While this may be the case, McAvity noted that with a halving event occurring every four years, there will always be a reduction in available BTC-denominated mining revenue from the block reward subsidy. He believes that for the mining industry to be maintained, the financial incentive to mine BTC must be strong through the growth of fee revenue.
“This is why Runes and Ordinals are important protocols,” he said.
Are Runes’ High-Transaction Fees Sustainable?
Although Bitcoin miners may view Runes in a favorable light, Dashjr thinks that the high fees associated with Runes will die down.
“Due to the more apparent and costly nature of flaws associated with Runes, this will likely be short-lived – along with any profits it provides to miners,” he remarked.
Echoing this, Downie said, “It remains to be seen if Runes will be around for the long term, as we saw NFTs and Ordinals surge to popularity and then fade away.

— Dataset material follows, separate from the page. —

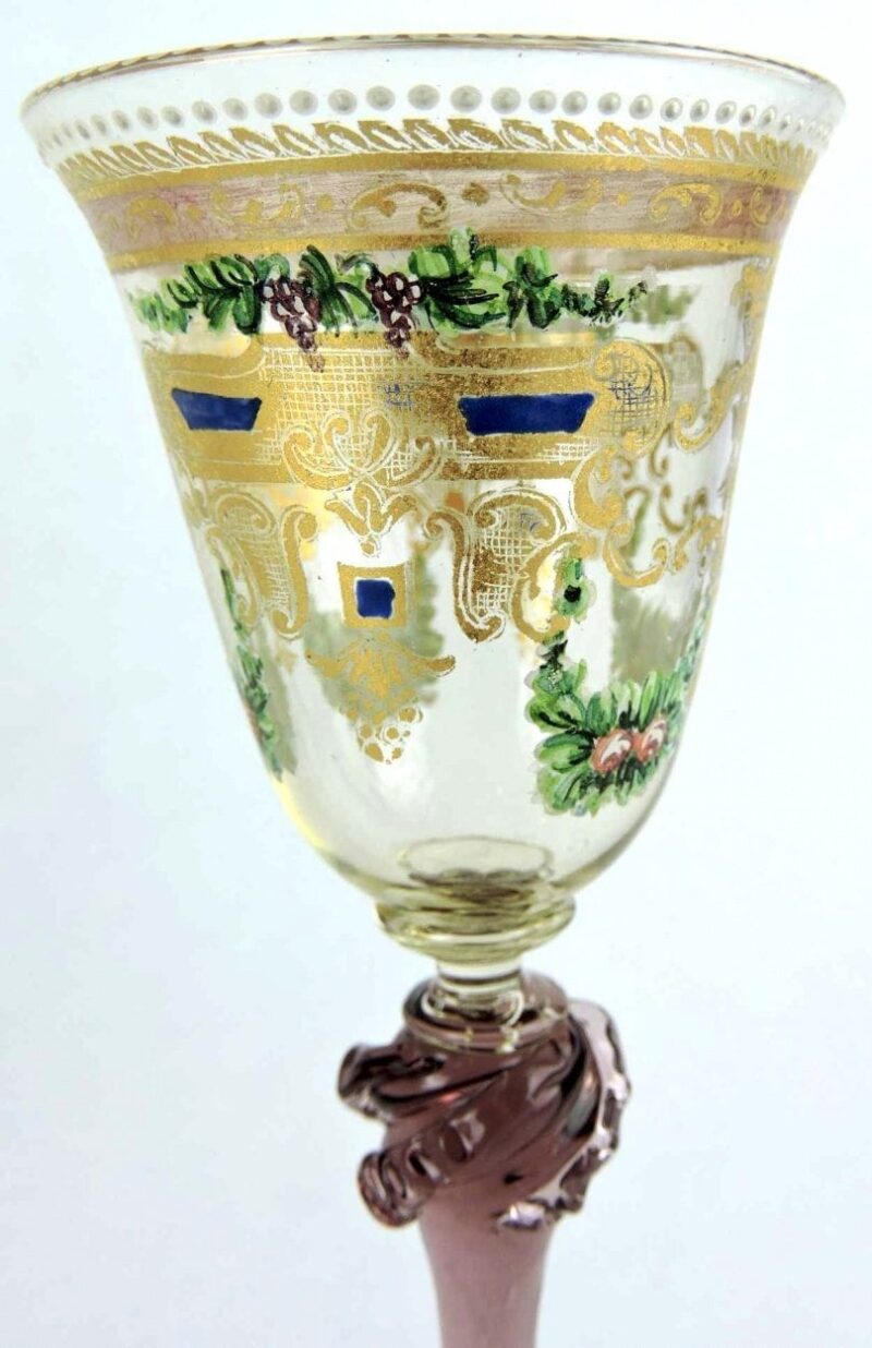 A gorgeous vintage set of Venetian tall stemmed liqueur glasses with hand-painted grape vine and flower pattern, it dates early 20th century. It features a delightful art glass stem in a light violet colour with a clear glass bowl. Each bowl is hand-painted in colours of green and violet, and encrusted with gold accents throughout. It has an unusual design that is rather whimsical, yet wonderfully perfect for a unique gift, or for special celebrations.

I think it is likely the fees will not stay so high for long.”
Data further shows that Bitcoin transaction fees have decreased since the halving.

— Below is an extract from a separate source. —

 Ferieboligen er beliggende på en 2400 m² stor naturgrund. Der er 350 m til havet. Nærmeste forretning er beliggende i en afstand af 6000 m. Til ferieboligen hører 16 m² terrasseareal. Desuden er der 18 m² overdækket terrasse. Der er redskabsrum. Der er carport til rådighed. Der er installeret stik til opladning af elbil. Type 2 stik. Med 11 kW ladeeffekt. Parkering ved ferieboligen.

Yet Handika noted that although fees are decreasing, Bitcoin mining rewards have now stabilized around 60 to 80%, compared to 10% prior to the halving.

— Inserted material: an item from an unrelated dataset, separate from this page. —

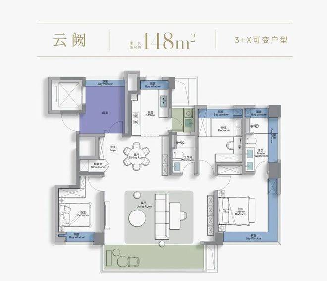 建面约125-148m²3-4房(精装高层)

“Roughly, this translates to miners’ total revenue not being slashed in half by the halving event, but only decreasing about 20-25% at the time this article was written,” he said.
The Bottom Line
While the future of Runes and its impact on the Bitcoin industry is yet to be determined, Shah believes that overall the model of high fees on the Bitcoin network is unsustainable.
As a result, Shah mentioned that there will be an influx of Bitcoin layer 2 (L2) solutions to accommodate protocols like Runes.
“That is why we’re about to see a true L2 Summer,” she said. “Bitcoin L2s are the essential next step to scale Bitcoin decentralized finance (DeFi) while keeping the L1 at sustainable levels.”
Alexei Zamyatin, co-founder of Bitcoin L2 solution Build on Bitcoin, told Cryptonews that he is also aware of the urgent need for L2 solutions on Bitcoin.
“Having native assets like Runes on Bitcoin will certainly increase fees – but ultimately trading and other DeFi related activity will have to move to Bitcoin L2s/sidechains if it is to compete with the user experience people are used to with Ethereum and Solana,” said Zamyatin. “Otherwise, the 10 minute block times and high fees will result in a decrease of activity very quickly, once first speculation is done.”
Zamyatin added that he believes high Bitcoin transaction fees are unrelated to Runes.
“Bitcoin has entered the same hype cycle as Ethereum. After Runes, there will be something else that drives fees up and makes Bitcoin transactions expensive,” he remarked.
While this will likely impact the usability of the Bitcoin network, miners like Cormint believe this is necessary.
“This is really a catch-22 situation. Bitcoin may be too expensive to use, but transaction fees have to remain high in order for the incentive to mine to remain strong” he said. “Overall, this presents an opportunity for developers to think of ways to scale Bitcoin using L2s. Higher fees will bring reinvigorated demand from users to keep BTC payments cheap, so now that innovation is finally happening.”